2170. Robert Southey to Thomas Southey, 2 November 1812

2170. Robert Southey to Thomas Southey, 2 November 1812 *
Keswick. Nov. 2. 1812.
My dear Tom
You have another niece whose name is to be Isabel, for want of a better, however this I think is a bel name. I could not have ventured upon its masculine for a boy, because the pun on jest would have been an unlucky one. Isabeau, otherwise a good name of Anglo-Norman days. She was born a little before noon, this day, but we had been upon the alarm ever since two o clock on Saturday morning: slow but not xxx <otherwise> unfavourable for Edith, but a very bad time for me. Send me as good an account from St Helens, in all respects, except the gender, for as far as that goes I hope the young one will be qualified for an Admiral.
Your Omniana [1] will be directed to Mr Castle’s. [2] The book is published & may perhaps reach Durham before you receive this. Have you had the proofs of Nelson? [3] the seventh reached me this afternoon.

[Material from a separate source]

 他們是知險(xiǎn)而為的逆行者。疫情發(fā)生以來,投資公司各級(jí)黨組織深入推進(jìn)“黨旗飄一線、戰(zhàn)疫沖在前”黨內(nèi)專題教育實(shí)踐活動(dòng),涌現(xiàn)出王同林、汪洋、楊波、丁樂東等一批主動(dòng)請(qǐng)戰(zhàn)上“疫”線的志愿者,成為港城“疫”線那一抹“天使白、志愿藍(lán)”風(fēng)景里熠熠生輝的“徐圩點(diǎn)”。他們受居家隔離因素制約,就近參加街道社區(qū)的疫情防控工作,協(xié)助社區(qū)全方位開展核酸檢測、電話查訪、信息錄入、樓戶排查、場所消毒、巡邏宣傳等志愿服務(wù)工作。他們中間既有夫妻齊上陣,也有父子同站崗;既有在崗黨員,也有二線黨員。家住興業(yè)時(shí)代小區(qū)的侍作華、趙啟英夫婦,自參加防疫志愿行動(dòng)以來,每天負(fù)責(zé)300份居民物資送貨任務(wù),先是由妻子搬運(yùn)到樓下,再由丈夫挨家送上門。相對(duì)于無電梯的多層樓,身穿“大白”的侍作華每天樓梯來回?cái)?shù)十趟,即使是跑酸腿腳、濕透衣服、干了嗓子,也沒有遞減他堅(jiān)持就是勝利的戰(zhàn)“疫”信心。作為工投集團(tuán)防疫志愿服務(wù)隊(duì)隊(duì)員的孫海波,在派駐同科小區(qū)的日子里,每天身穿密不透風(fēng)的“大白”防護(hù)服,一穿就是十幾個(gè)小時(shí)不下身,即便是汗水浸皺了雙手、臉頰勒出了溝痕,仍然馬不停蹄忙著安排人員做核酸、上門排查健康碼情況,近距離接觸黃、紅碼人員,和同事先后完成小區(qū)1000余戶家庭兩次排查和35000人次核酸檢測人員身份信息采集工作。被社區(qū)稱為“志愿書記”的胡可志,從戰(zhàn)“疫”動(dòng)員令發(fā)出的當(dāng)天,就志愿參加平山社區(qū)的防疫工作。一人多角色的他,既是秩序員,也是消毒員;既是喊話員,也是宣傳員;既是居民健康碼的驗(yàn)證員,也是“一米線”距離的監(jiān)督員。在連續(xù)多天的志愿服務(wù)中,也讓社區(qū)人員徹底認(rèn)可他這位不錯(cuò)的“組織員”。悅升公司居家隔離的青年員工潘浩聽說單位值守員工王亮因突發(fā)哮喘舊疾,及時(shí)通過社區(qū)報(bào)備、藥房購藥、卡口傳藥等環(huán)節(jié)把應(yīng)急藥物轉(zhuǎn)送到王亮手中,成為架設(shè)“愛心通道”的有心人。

It will be a beautiful book as far as relates to the printers work, the plans [4] will no doubt be correct as coming from the Admiralty xxx xx xxx Murray promises to have as good an engraving as can be had of the portrait. [5] My part looks better in Mr Moyes’s handy-work [6] than it did in my own – & I augur well of its success.
Xxx There came a letter to me yesterday which would have amused you had you been here. – From an Evangelical Parson to return me thanks for the benefit he has received at my hands by reading Thalaba at the recommendation of the Christian Observer. [7] He says it has “strenghtened his faith”, & requesting permission to send me “a sketch of the instruction to be drawn from it”. [8] – the moral of Thalaba by an Evangelical! And he concludes with a fine compliment & the happy quotation about The Poets eye in a fine frenzy. [9] – There are few persons who cannot find out some claim of acquaintance at second or third hand, & this gentleman tells me that he is the person who bought Lloyds car two years ago.

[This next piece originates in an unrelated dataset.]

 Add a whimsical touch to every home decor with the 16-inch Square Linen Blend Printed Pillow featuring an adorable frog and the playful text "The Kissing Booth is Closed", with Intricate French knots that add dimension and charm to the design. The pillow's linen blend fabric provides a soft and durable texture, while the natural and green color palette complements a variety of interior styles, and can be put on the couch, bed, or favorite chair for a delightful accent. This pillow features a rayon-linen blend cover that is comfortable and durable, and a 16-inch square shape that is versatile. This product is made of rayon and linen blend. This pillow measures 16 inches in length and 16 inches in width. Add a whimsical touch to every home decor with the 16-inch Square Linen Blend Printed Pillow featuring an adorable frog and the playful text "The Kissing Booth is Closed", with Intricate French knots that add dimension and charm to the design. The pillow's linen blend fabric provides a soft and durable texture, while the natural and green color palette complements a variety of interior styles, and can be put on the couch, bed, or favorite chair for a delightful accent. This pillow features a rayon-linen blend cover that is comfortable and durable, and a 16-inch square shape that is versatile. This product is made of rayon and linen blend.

Have you noticed some notable advertisement about Seilis, implying that he did not kill himself? [10] There is a damnable story about this mystery, – which is believed & very believable, – & a still more damnable one invented for obvious purposes of mischief. The key to this dark affair is said to be that Seilis (an Italian) was jealous of Neal [11] the page, – who had supplanted him in the D.s favour. Likely enough, & bad enough. – The xx cursed story which is spread abroad is thus explained in an epigram which Sharp repeated to me – .

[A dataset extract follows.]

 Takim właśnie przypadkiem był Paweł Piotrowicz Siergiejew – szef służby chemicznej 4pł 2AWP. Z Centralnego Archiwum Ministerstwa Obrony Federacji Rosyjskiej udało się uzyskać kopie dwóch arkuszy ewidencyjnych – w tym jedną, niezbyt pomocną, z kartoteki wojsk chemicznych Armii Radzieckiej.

Sharp says this was written by Sheridan [12] – which is not to be believed, how he could for a moment that Sheridan the uniform defender of the Princes should be the author of such an attack is inconceivable. The Independent Whig [13] is now under prosecution for insinuating this. I suppose it ventured upon so preposterous a lie, in full confidence that the business would not be brought forward in public by the D. You must know that there are a set of wretches who live upon the vices and follies of the Princes; they watch their private lives get at their secrets, & then lay them under contributions as the price of abstaining from telling these things to the public! O Tom. It is not all the hurricanes of this tempestuous time that will wreck that good ship the Constitution, – but she has a whole xxxx <cargo> of Jonahs on board, [14] any one of them would sink the best life-boat.
Our love to Sarah & a kiss to Margaret – I am very tired, & wish it was bed time.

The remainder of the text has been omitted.